Monday, January 24, 2011

No amount of coffee, no amount of crying, No amount of whisky, no amount of wine

It is the particular trademark of writers that they imbue the mundane, the everyday things with a quality of romance and state the unbelievable matter of factly.

It is in good writing and in the coloured thoughts of another that I seek solace again, and again. Amidst the pretty tinted lenses of  Bollywood talk shows, their banter lending colour to my pale complexion and some life to tired eyes, a sudden burst of laughter that had dried to a trickle at the corner of my mouth- I spring to life for a few moments. Not the recommended amount, but perhaps enough to clutch on to living for now. I refused to watched "I Hate Luv Storys" when it released, preferring to spend my time instead with a friend, her dog and my almost-friend-again in the cool afternoon languor of her house. Puppy love peppered with ciggarette breaks, unhurried conversation and Coraline. What I miss about Calcutta and India- both meaning the same thing in my head- is not the frenzied rush to meet up at Aqua Java or chilling with cup after cup of endless lebu cha at VP, one day blurring into another as the days sped on by. I miss the quality of absolute belonging, the certainty in my heart-and I say this with a straight face- of being at home. Homesickness, I've discovered is not something that lessens with time.
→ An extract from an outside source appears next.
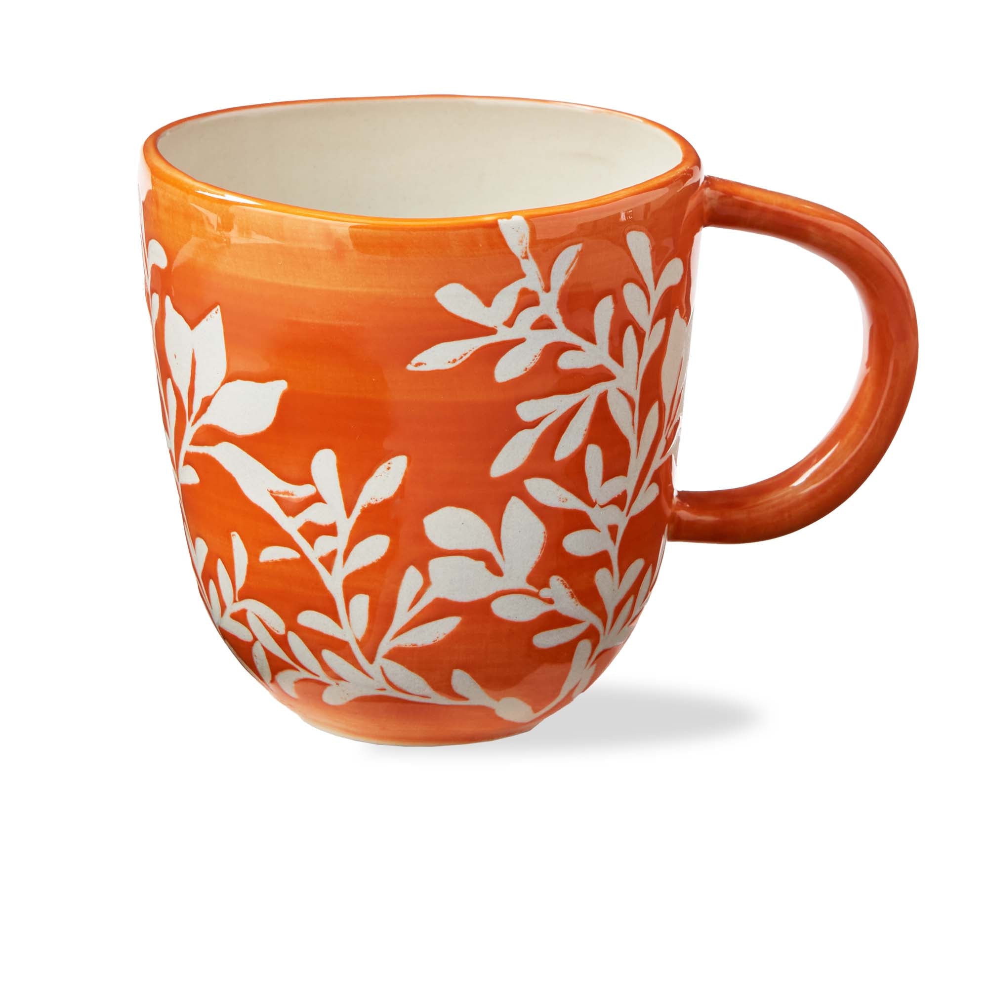 Embrace the beauty of autumn with this organic-shaped mug featuring white harvest leaves. Made from durable stoneware in a vibrant orange color, it's perfect for sipping hot beverages or using as a decorative piece.

It dullens and then strikes you all of a sudden, when you thought you'd left it far behind.
So it happened, that after finally watching "I Hate Luv Storys" last night, I found myself longing for my workplace last summer, of all things. "Bin Tere" was a song that Pri Di was very fond off and it blared on and off as I performed my mad scientist feats with tissue culture. I find myself marooned, having joined a program so sure, so certain of my ambitions and future that I never could have predicted that I was cutting myself off from any possiblity of returning home or that it would matter this much. For a child who has only spent at the most 1 and a half years of her life in India, I have an extraordinarily large reaction to being away from it.
I've been reading Midnight's Children by Salman Rushdie. The protagonist constantly veers between wondering desperately what the purpose of his life is and an inflated sense of self importance. Resemblance, much? Perhaps in another dimension, I'm an artsy hippie, who's finally learned to play the guitar and is attending the Doverlane music conference right now. Someday, I really really hope I'll know I got it right.